Industrial and systems engineers are uniquely equipped to dissect large-scale problems—such as a public health emergency—and design new, more efficient operations. That’s why as higher education institutions sent everyone home or locked down in the spring, Mani started to wonder if there was another way to protect a campus community from COVID-19. He started by partnering with ISyE Associate Professor Krishnamurthy Iyer and Computer Science Professor Jaideep Srivastava. Together, they discovered how to keep a university running and relatively safe. Their solution: Close the busiest locations while monitoring sparsely visited ones.

“If we shut down only the top 10 percent of the places—high traffic areas—we would have a similar impact to what happened in a city, like New York City, where everything shut down,” says Mani.

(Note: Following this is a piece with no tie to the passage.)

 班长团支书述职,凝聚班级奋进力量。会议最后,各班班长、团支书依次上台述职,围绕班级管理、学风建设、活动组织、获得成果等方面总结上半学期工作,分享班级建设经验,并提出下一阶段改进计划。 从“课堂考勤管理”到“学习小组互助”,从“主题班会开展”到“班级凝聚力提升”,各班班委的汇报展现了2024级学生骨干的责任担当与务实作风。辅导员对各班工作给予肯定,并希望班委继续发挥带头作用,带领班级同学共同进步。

This structural approach is even more important for smaller environments such as university campuses. Along with his colleagues, Mani determined a way to measure all types of campus interactions. “We can classify all interaction structures on campus as rivers, groups, and queues,” says Mani. In his example, rivers are the campus pathways and walkways; groups are formed within classrooms and university activities; and queues are the service lines at places like banks and cafes.

“Rivers and queues admit easy solutions. All rivers could be made one-way while maintaining sufficient distance. All queues could be created online with designated arrival and service times, thus avoiding physical waiting and reducing interactions,” says Mani. However, groups are the most difficult to control. “Part of the reason why,” says Mani, “is because it constrains the freedom you have on campus within classes or groups. The big risk in the system today is not because of community transmission inside the system, but transmission from outside.”

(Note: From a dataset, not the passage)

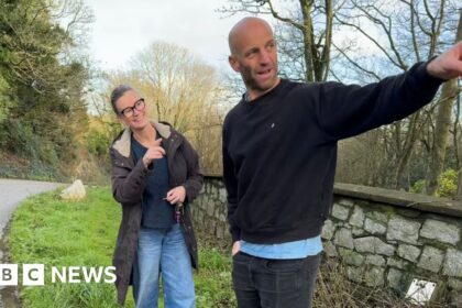 Christine ButlerBBC News Cornwall BBC Anita Duffy and Emile Kott are concerned about the dangers of living in a village with no pavements and 60mph speed limits Villagers are campaigning for a 30mph s...
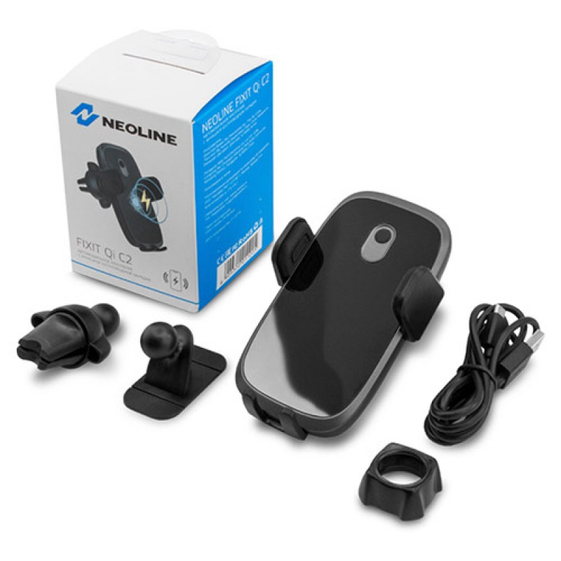Автомобильный держатель Neoline Fixit Qi C2 отличается стильным дизайном и наличием беспроводной зарядки с высокой конверсией энергии и мощностью в 10 Вт. Модель выделяется наличием сразу двух видов установки крепления: как на панель, так и в решетку дефлектора. Позволяет вращать смартфон на 360 градусов. Поддерживает смартфоны до 6,5 дюймов.

For example, approximately 80 percent of University of Minnesota students live off campus, and most faculty, staff, and visitors come from surrounding areas, as well.

So Mani assembled a multidisciplinary team to evaluate operational policies under a pandemic. Together with ISyE PhD student Jiali Huang, computer science graduate students Himanshu Kharkwal, Dakota Olson, and Abhiraj Mohan, and in consultation with ISyE Associate Professor Krishnamurthy Iyer and public health experts, Mani and Srivastava created a stochastic network simulation framework to evaluate campus operations. Their efforts culminated into a series of back-to-school protocols that would guide students, faculty, staff, and visitors back into campus. The team tested various aspects of the plan, including a face covering requirement.

“One thing universities should look for are low-cost, high-impact actions they can take,” says Mani. “We demonstrated that without masks there would be no classes. The marginal cost of putting on a mask is minimal—a big bang for the buck.”

The researchers went on to review university plans for enhanced cleaning practices, its testing capacity, ventilation rates in buildings, maximum class sizes for in-person learning, and a system for maintaining physical distance around campus and in classrooms.

The team also modeled solutions for the risk of infection. Their findings suggested that protocols such as the University of Minnesota Mtest—a plan of action for testing, isolating, contact tracing, and quarantining in the event of an outbreak or individual testing positive for COVID19—would allow for safe operations on campus. This was a surprising and valuable finding because it provided a safe way of operating the University campus without the massive cost of testing being implemented in other schools. Their predictions about the number of community infections remain accurate more than halfway through the Fall 2020 semester when this article was published.

“The number of new infections coming from the outside will hopefully be very small—two or three on average [per day]—but what we want to do is mitigate the community transmission,” says Mani. “This is what we are focusing on.”

In the end, the extensive testing and modeling done by Mani and his colleagues have provided universities with concrete guidance on how to reopen safely. A paper based on this research was recently submitted for publication.

“The marginal cost of putting on a mask is minimal — a big bang for the buck.”